Because there is and cannot be a one-size-fits-all approach, each domain “leans” in a particular direction. Most of the founders of Total Quality Management leaned towards Customer Satisfaction being a key measure of Quality; however, some of them leaned more towards standardization of product/service and continuous improvement as the key determinant of a Quality offering.

Keep it simple, identify precisely what your output will be, and work backward from there, ensuring you can measure it throughout the lifecycle, and you will be in a strong position

These slight differences in opinion then mean that how you measure Quality will differ, and the tools or factors you use to measure Quality have to be fit for purpose and relevant to your field! So as always, Context is King (not the framework). Again, do not get stuck on the academics or the framework of measuring Quality. Mix and match to choose a process that is fit for purposes.
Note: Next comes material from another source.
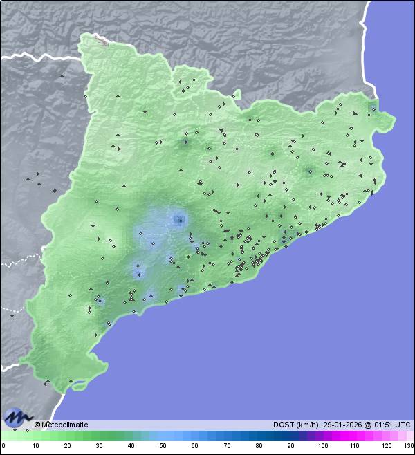 | Barcelona - Plaça Sants | 40 | 9,5 | 9,5 | 8,4 | 70 | 73 | 70 | 1.001 | 1.002 | 1.001 | 19 WNW | 45 | - | 95,2 | |

These frameworks are there to help and guide, not constrain you.

The various variables, factors, and dimensions involved in getting the service or product to the customer (the end of the journey, where Quality is judged by the customer), means that to ‘Measure Quality’, you have to have measurement and evaluation processes in place throughout a service or product lifecycle – stages such as requirement analysis, design, delivery, and implementation.


To make your lives easier, I have put together some of the key frameworks available to use that help measure Quality, so please review them at your leisure.
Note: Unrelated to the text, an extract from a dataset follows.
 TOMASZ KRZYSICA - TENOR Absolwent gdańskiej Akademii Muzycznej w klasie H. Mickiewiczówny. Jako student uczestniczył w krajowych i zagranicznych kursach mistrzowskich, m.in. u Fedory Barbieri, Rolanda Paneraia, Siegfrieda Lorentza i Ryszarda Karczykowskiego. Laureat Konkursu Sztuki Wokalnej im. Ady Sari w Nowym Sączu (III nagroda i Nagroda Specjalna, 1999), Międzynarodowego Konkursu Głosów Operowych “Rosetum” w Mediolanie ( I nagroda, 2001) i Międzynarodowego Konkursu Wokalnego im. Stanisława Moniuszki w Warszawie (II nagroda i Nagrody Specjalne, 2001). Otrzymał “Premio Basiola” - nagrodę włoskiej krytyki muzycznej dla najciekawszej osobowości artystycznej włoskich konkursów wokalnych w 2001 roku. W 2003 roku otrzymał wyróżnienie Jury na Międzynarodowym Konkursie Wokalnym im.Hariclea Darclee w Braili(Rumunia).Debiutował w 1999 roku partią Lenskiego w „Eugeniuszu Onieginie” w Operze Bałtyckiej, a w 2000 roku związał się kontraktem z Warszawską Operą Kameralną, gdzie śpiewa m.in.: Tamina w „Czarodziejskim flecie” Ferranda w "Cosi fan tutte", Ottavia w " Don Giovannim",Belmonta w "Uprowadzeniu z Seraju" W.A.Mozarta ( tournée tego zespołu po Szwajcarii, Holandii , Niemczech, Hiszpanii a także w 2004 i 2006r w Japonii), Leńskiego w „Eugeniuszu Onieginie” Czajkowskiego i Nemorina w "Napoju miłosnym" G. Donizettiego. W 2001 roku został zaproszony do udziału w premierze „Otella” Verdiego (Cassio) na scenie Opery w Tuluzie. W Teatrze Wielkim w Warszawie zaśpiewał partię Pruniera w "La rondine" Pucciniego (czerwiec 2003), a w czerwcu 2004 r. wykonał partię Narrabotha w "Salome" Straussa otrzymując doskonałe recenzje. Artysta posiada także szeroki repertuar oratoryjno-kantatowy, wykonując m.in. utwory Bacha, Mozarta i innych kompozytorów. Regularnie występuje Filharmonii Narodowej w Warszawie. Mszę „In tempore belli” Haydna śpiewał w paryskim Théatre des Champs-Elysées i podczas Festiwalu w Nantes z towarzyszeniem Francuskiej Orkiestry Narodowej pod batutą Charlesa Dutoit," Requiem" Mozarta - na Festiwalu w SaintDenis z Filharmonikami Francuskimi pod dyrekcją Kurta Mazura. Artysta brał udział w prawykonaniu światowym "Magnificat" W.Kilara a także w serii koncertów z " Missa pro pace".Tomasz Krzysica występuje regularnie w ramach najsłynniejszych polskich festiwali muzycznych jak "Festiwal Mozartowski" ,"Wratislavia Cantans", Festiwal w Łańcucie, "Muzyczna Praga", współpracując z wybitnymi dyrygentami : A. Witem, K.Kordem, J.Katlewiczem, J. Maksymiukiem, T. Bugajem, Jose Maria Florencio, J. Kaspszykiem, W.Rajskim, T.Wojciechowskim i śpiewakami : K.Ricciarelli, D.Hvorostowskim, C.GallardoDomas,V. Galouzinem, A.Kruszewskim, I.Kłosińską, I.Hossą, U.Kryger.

There is of course the ISO 9001 family, which is one of the most widely known Quality Management Systems.

  • The Balanced Scorecard (BSC) is the most popular tool for performance measuring; its principle is to measure Financial (lagging) and Non-financial (leading indicators) using four key indicators (Customer, Learning and Growth, Internal Business Processes, and Financials).
  • Kirkpatrick’s model is still one of the most popular tools to evaluate training and training Quality, from the Trainees, the Trainers, and the Transfer of knowledge to the real-world perspective; this is also the most popular tool used for the measurement of Training quality.
  • SERVQUAL is seen as the most “commonly” used Service Quality Scale. The principle is to identify and measure the ‘gap’ between customer expectation and customer experience. This is realized by measuring the five dimensions, namely Tangibles, Reliability, Responsiveness, Assurance, and Empathy.
  • SERVPERF is a model that Cronin and Taylor (1992) designed by enhancing the SERVQUAL quality measurement tool to evaluate 11 elements (half of the SERVQUAL elements) across the same five dimensions of SERVQUAL; SERVPERF elements focus on the output of Performance (rather than perceived and expected delivery).

As you can see, there are many frameworks available, and they keep getting improved upon (standing on the shoulders of giants!). It’s very easy to spend a lot of time, energy, and money on researching and implementing Quality Management frameworks, and it’s very easy to get it wrong.

Keep it simple, identify precisely what your output will be, and work backward from there, ensuring you can measure it throughout the lifecycle, and you will be in a strong position to end up with something that is of high Quality, and you can be guaranteed of it!